The next section uses [**Pageviews By Seconds** data set](https://dumps.wikimedia.org/other/pagecounts-raw/).

## ![Spark Logo Tiny](https://www.quantiaconsulting.com/logos/logo_spark_tiny.png) Data Ingestion

The first basic operation during a data project is ingest data.

The SparkSession entrypoint offers the `read` function to directly create Dataframes from external sources.

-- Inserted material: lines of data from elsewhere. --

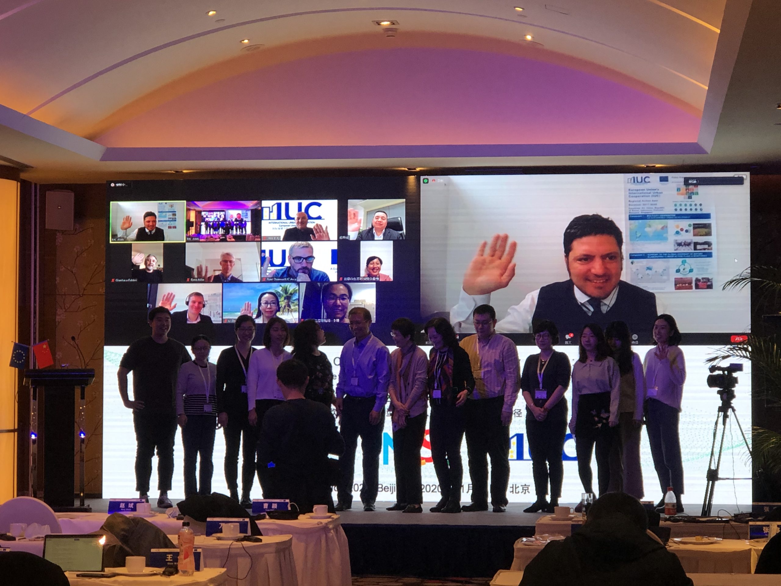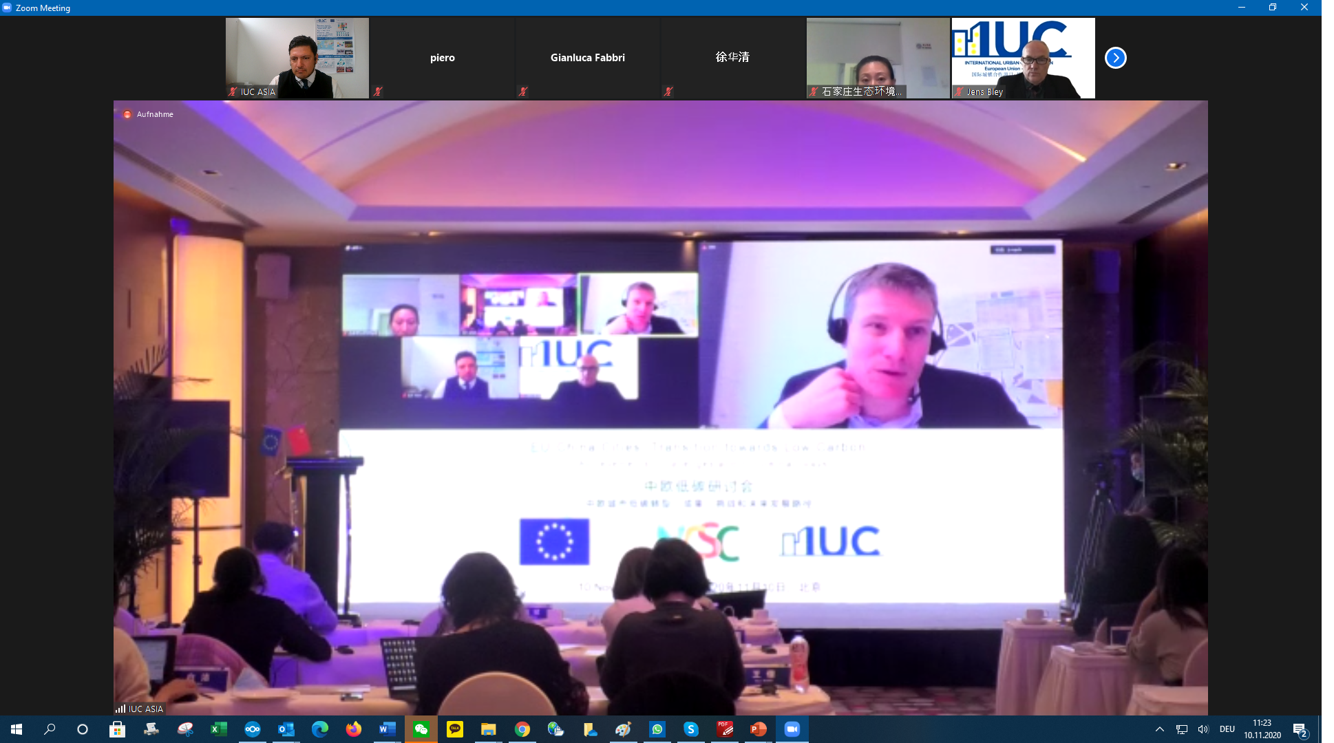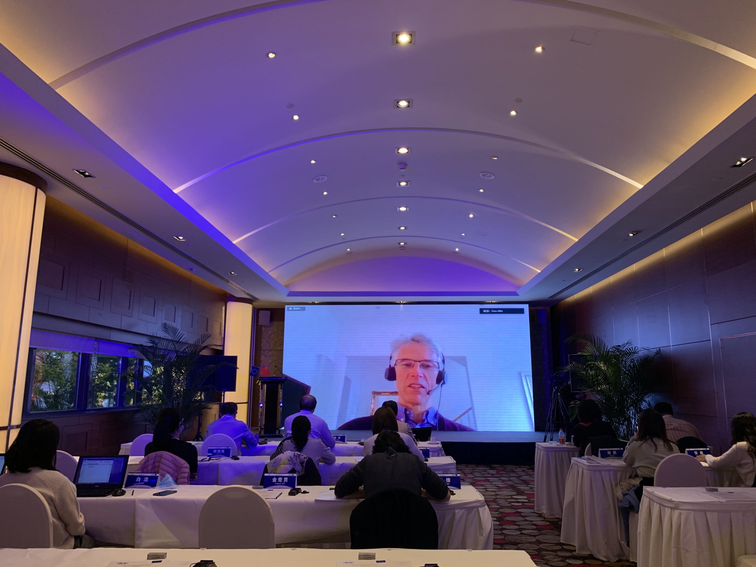 The IUC Asia project held today a three-hour workshop on the transition from EU and Chinese cities towards low carbon development. The meeting involved nearly 40 participants – partly onsite in Beijing and partly online (via video conferencing). The event was a follow-up activity to the online exchange session on the EU-China Low Carbon Cities Study that took place between European and Chinese experts on 27th May 2020 (see online coverage here). The workshop reviewed the policy implications of the European Union’s Green Deal for European cities with regard to their transition towards low carbon. It also took stock of China’s results on lowering CO2 emissions within the 13th Five Year Plan (2016-2020) and draw possible implications for the upcoming 14th Five Year Plan (2021-2025) currently under elaboration. Experts from the cities of Hamburg, Milan, Ningbo and Wuhan shared their experiences in decreasing CO2 emissions and made make recommendations for the EU-China cooperation on local climate action. Onsite in Beijing were also represented the Chinese cities of Beijing, Chengdu and Tianjin. The event was organized by the IUC-Asia project in cooperation with the National Centre for Climate Change Strategy and International Cooperation (NCSC). Keynotes were held by Octavian Stamate – Councellor for Energy and Climate Action at the EU Delegation to China -, Mr. Xinming LU – Deputy Director-General for the Department of Climate Change at the Ministry of Ecology and Environment (MEE) -, Mr Eero Ailio – Principal Advisor for Energy Transition and Local Governance at the Directorate Energy for Energy of the European Commission (DG ENER) -, and Ms. Ying CAO – Research Director at the Department of Policy and Regulatory of China’s NCSC – and Mr. Huaqing XU – also Director at NCSC.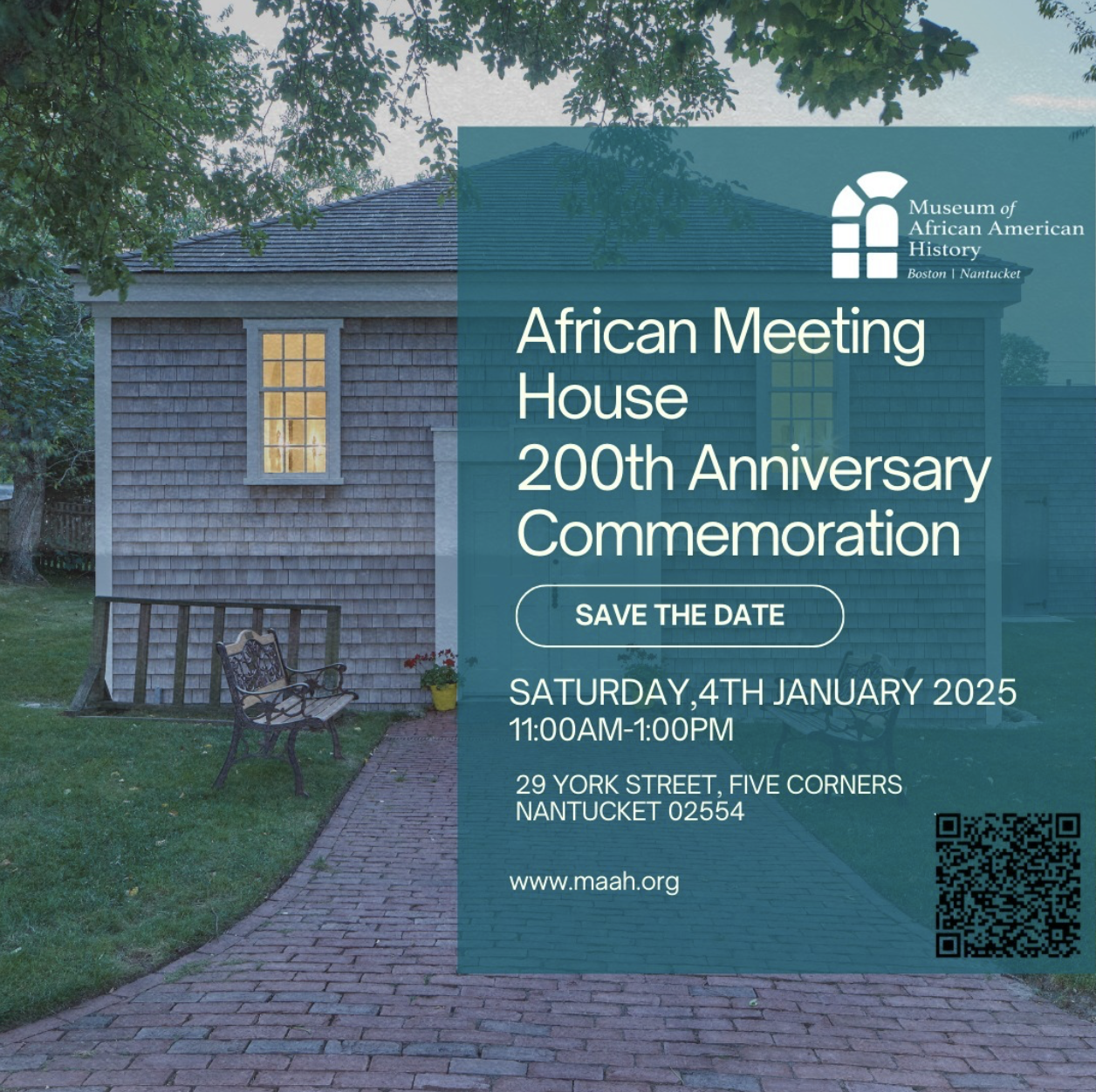 See you this Saturday!! Join us for the 200th Anniversary of commemorating the African Meeting House in Nantucket. This event is free and open to the public; limited seating is available.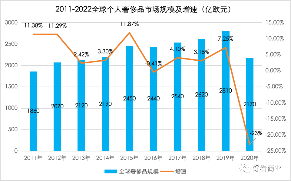 對于全球奢侈品行業(yè)而言,2011—2020年是增速不斷放緩的十年。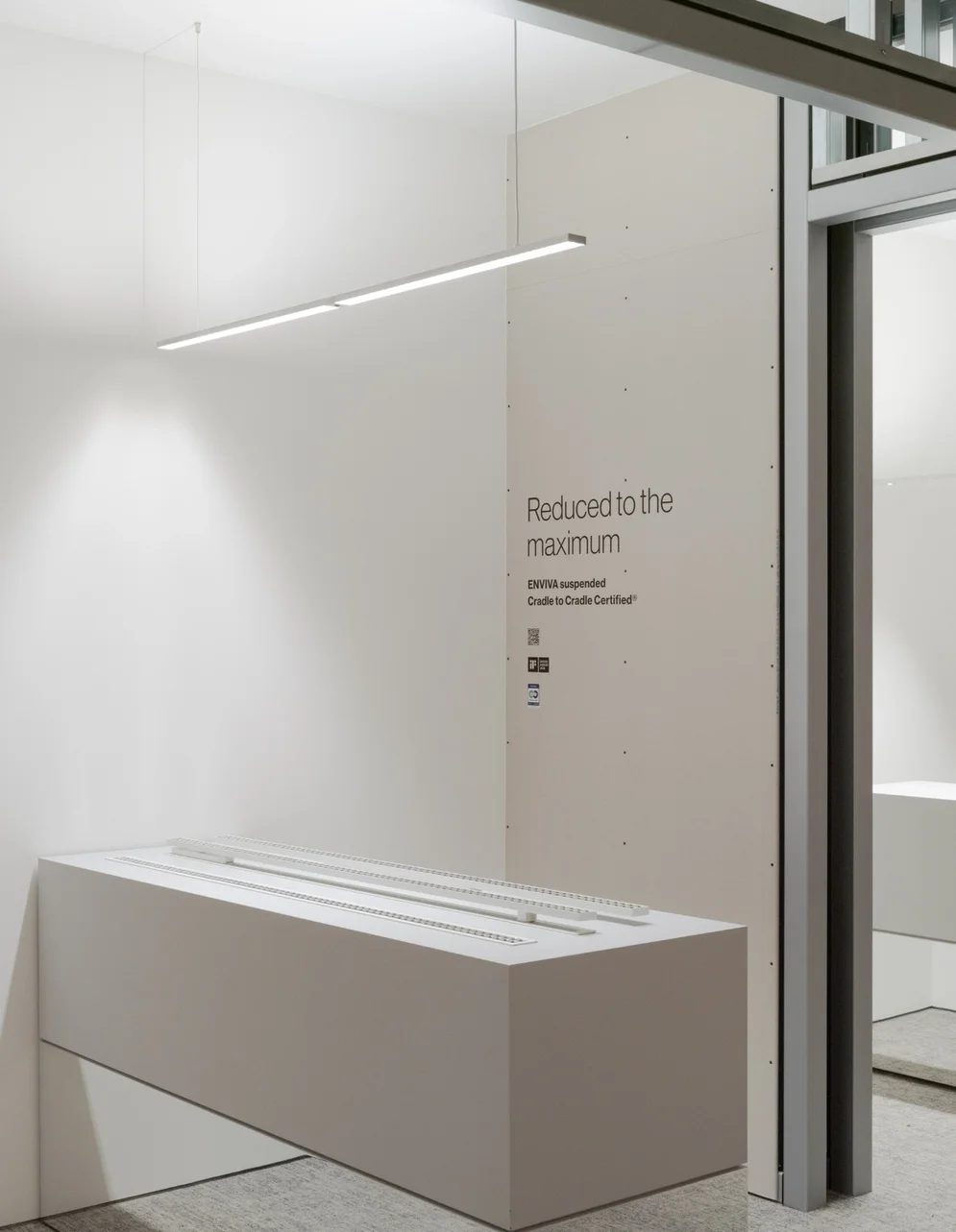 Die Leuchte „Enviva“ von XAL steht exemplarisch für diesen Ansatz. Sie ist zerlegbar konstruiert, kommt ohne Klebeverbindungen aus und lässt sich vollständig in ihre Bestandteile zurückführen. Auch der Remanufacturing-Service von Zumtobel zeigt, wie sich Produkte über mehrere Lebenszyklen hinweg weiterentwickeln lassen. Bestehende Leuchten werden dabei nicht entsorgt, sondern industriell aufbereitet, aktualisiert und erneut eingesetzt. Systeme wie „Solena“ machen darüber hinaus ihre technische Struktur sichtbar. Konstruktion und Befestigung werden nicht verborgen, sondern offengelegt. Hier entsteht eine Ästhetik, die sich aus der Konstruktion selbst ergibt.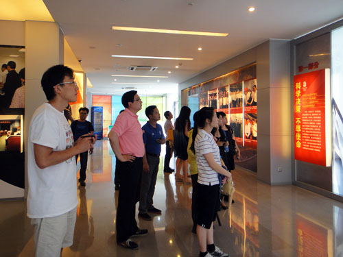 同志们认真观看展览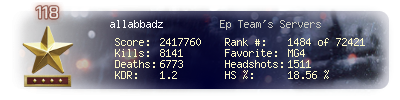 | Headshots | 1511 | Suicides | 72 | Headshot / Kill | 18.56 % |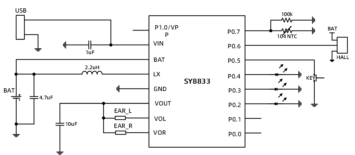 SY8833是专门为TWS耳机充电仓设计的全集成SoC芯片。SY8833内部集成了兼容8051指令集的CPU,256字节RAM, 4k字节OTP程序存储区,多通道10位ADC,9个GPIO,一个线性充电模块,一个Boost升压模块和两个独立放电控制MOS管。SY8833为SOP16封装。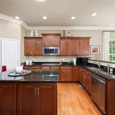 - Room Description: Hardwood floors, double ovens, granite counters and island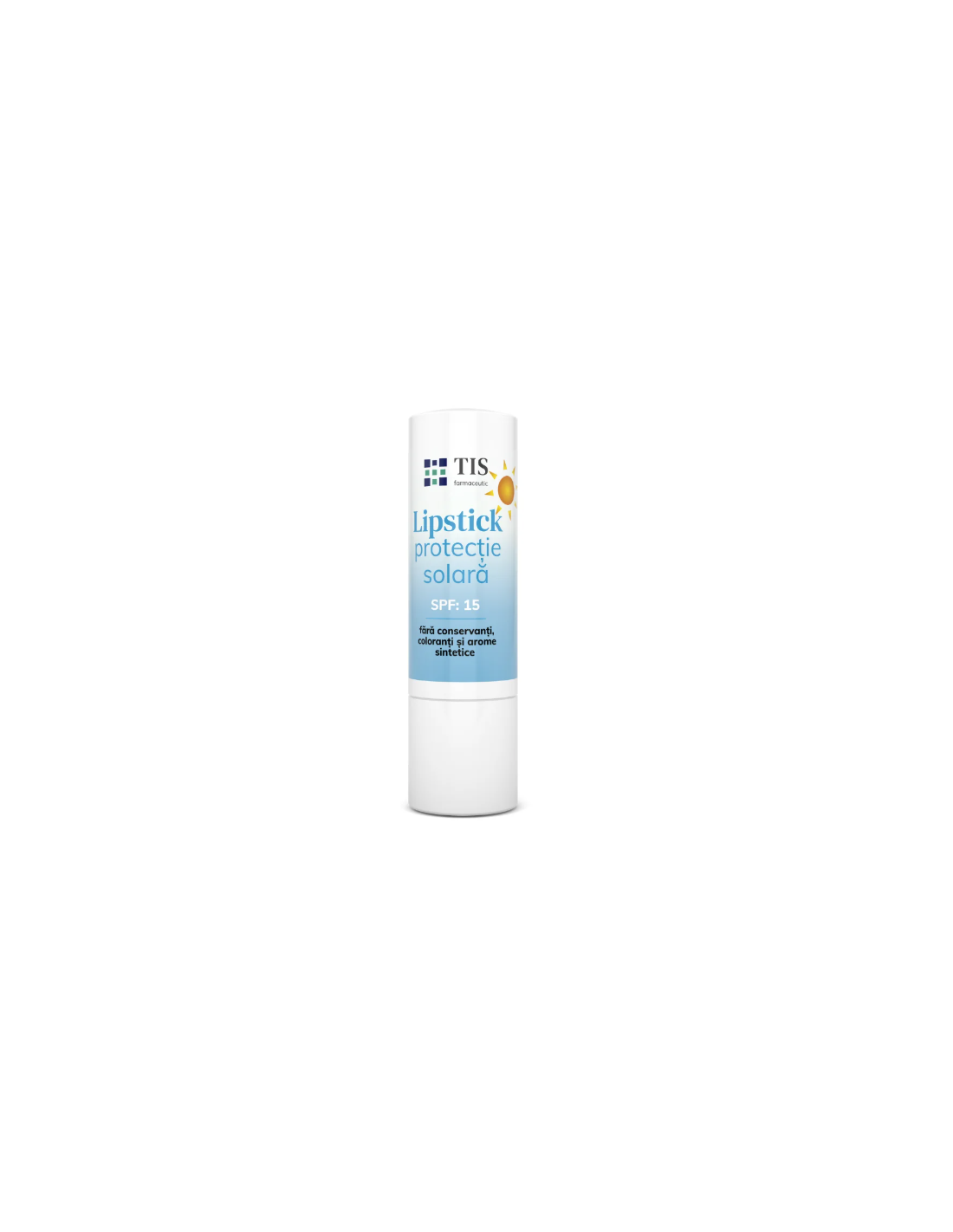 Stick de buze / lipstick protector, 4 g. Brand: TIS Farmaceutic. Potrivit pentru utilizarea zilnică cu protecție SPF 15.

Spark offers readers for all of the most common structured data:
* Structured Text file (csv, tsv, etc)
* Big data format (parquet, orc, etc)
* Semistructured data (json)
* Relational source (JDBC)
* ...

Most of this reader offers option to automate basic step during ingestion.

Let's see an example:

In [None]:
schema = StructType(
  [
    StructField("timestamp", StringType(), False),
    StructField("site", StringType(), False),
    StructField("requests", IntegerType(), False)
  ]
)

fileName = baseUri + "wikipedia_pageviews_by_second.tsv"

pageviewsDF = (spark.read
  .option("header", "true")
  .option("sep", "\t")
  .schema(schema)
  .csv(fileName)
)

pageviewsDF

For example, in the previous read operation we tell the reader:
* That the separator is `\t` -> `.option("sep", "\t")`
* The file has an header -> `.option("header", "true")`
* The schema for the columns is the one we described above -> `.schema(schema)`
    * we could ask the system to guess the schema -> `.option("inferSchema", "true")`

## ![Spark Logo Tiny](https://www.quantiaconsulting.com/logos/logo_spark_tiny.png) Transformations & Actions (From DataFrame Perspective)

### Transformations

Transformations have the following key characteristics:
* always return a `DataFrame` (or a `DataSet[Row]` the case of Java/Scala).
* are immutable - a `DataFrame` instance of cannot be altered once it's instantiated (further optimizations are still possible)
* are classified as either a Wide or Narrow operation
* in **Scala & Java** come in two flavors: Typed & Untyped

### Actions

In contrast to transformation, Actions either return a result or write to disc. For example:
* The number of records in the case of `count()` 
* An array of objects in the case of `collect()` or `take(n)`

Hereafter you can find a list of the most important Actions

| Method | Return | Description |
|--------|--------|-------------|
| `collect()` | Collection | Returns an array that contains all of Rows in this DataFrame. |
| `count()` | Long | Returns the number of rows in the DataFrame. |
| `first()` | Row | Returns the first row. |
| `foreachPartition(f)` | - | Applies a function f to each partition of this DataFrame. |
| `head()` | Row | Returns the first row. |
| `show(..)` | - | Displays the top 20 rows of Dataset in a tabular form. |
| `take(n)` | Collection | Returns the first n rows in the DataFrame. |
| `toLocalIterator()` | Iterator | Return an iterator that contains all of Rows in this DataFrame. |
| `...`||


**Note:** The list of transformations and actions varies significantly between each language. Mostly because Java & Scala are strictly typed languages compared Python & R which are loosed typed.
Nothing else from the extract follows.